AWS’s efficiency extends to water management as well. In Australia, AWS data centres use no water for cooling 95.5% of the year, relying instead on free-air cooling that uses outside air directly. During peak summer temperatures, evaporative cooling uses water drawn from on-site storage reserves fed by recycled or mains water. In 2024, AWS’s Water Usage Effectiveness (WUE) in the Sydney Region was 0.12 L/kWh and Melbourne Region just 0.02 L/kWh—literally one tablespoon per kilowatt hour—less than half the US industry average of 0.375 L/kWh. This efficiency has helped AWS reach 53% of its 2030 global goal of being “water positive,” meaning it will replenish more clean water to communities than it uses in operations.

With cloud, organisations gain access to world-class infrastructure while helping reduce overall environmental impact. Doing the same work on-premises means higher emissions and less transparency over energy sourcing.

Even the Biggest Model Builders Choose Cloud

The scale and reliability required for frontier AI development has led the world’s leading AI companies to build on AWS infrastructure, demonstrating that cloud is the de facto choice for serious model builders:

Anthropic and Project Rainier: AWS completed Project Rainier in October 2025—one of the world’s largest AI compute clusters featuring nearly 500,000 Trainium2 chips across multiple US data centers, deployed in under a year. Amazon invested $8 billion in Anthropic, which is actively using Project Rainier to train and deploy Claude, with plans to scale to over 1 million chips by year’s end. This infrastructure provides Anthropic with more than five times the compute power used to train previous AI models, demonstrating AWS’s ability to deliver massive AI infrastructure at unprecedented speed.
OpenAI’s $38 Billion AWS Deal: In November 2025, OpenAI signed a $38 billion, seven-year deal with AWS to access hundreds of thousands of Nvidia GPUs, marking the ChatGPT maker’s first major partnership with AWS. The deal represents OpenAI’s commitment to scaling its infrastructure through proven cloud providers rather than attempting to build and manage data centers independently.
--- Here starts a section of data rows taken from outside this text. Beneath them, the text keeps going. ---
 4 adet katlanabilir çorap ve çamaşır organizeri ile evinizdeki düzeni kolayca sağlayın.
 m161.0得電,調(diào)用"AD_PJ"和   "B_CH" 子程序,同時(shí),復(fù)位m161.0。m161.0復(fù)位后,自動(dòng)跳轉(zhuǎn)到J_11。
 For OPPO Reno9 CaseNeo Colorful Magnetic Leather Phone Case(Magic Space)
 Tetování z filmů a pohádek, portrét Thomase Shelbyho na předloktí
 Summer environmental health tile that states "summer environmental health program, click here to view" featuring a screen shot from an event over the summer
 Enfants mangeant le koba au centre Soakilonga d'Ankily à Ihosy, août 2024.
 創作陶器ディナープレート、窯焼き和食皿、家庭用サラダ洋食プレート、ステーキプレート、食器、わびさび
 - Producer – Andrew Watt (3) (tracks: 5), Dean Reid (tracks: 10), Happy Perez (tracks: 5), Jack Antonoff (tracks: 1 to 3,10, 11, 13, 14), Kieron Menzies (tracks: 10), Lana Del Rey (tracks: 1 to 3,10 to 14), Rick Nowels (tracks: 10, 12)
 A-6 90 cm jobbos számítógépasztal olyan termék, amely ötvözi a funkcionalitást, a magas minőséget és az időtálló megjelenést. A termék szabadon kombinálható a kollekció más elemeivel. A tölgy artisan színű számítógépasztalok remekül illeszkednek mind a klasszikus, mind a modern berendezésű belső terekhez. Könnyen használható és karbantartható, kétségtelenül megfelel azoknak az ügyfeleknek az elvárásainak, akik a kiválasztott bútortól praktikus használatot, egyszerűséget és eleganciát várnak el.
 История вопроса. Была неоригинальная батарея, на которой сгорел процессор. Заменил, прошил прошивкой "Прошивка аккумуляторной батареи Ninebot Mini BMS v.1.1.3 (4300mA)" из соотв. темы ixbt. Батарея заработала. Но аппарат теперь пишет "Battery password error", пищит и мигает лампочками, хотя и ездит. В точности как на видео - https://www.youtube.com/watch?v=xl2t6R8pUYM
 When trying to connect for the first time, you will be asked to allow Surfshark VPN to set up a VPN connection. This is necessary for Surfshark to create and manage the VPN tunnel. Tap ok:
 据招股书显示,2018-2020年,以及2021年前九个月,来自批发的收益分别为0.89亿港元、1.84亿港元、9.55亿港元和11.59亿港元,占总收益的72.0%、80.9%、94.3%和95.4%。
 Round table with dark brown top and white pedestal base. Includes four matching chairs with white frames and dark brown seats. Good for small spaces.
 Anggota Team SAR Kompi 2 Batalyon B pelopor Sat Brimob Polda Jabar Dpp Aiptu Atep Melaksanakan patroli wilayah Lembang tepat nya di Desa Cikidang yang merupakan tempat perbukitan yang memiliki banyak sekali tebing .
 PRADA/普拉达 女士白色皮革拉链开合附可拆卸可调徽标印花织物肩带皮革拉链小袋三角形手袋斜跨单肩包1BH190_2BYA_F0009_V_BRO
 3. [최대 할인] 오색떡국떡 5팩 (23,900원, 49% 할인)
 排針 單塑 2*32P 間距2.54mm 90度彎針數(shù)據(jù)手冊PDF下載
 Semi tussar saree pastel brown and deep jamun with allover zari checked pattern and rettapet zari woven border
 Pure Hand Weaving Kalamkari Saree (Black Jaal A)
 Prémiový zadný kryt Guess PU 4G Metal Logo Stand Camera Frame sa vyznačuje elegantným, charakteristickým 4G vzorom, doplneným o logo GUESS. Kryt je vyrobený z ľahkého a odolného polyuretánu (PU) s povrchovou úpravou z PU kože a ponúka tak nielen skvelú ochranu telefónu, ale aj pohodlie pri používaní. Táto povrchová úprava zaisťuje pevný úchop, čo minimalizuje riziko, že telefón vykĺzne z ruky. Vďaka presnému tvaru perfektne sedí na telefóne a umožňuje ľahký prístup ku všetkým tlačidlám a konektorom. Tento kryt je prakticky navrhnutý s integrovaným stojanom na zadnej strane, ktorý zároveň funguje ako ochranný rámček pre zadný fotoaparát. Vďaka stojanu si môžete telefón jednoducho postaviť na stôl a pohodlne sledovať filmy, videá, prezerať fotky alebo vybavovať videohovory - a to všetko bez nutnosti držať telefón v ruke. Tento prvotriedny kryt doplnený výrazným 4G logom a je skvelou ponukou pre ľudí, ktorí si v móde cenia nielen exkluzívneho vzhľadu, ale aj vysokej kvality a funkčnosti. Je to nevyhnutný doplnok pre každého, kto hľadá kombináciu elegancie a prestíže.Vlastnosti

These partnerships underscore a critical reality: even organisations with virtually unlimited capital and the world’s top AI talent choose to build on cloud infrastructure rather than managing their own data centers. The complexity, speed, and scale required for frontier AI development makes cloud the only practical path forward—for national AI builders in Australia just as much as for Silicon Valley AI labs.

The Edge Case: National Security and Intelligence

A small set of defence and intelligence projects truly need control of every hardware and software layer. For those, AWS is building a dedicated Top Secret Cloud for the Australian Government and Signals Directorate.

Summary: What It Really Takes to Build National AI capability

Building national AI capability isn’t theoretical—it’s about execution. Nearly all use cases in government, research, health, and business can build and scale securely using cloud infrastructure. Local investment, IRAP PROTECTED compliance, and massive renewable energy backing make it even more compelling.

For those considering on-premises options, remember: the global GPU supply chain is fiercely competitive, and maintaining an up-to-date GPU fleet means frequent—and costly—hardware refreshes.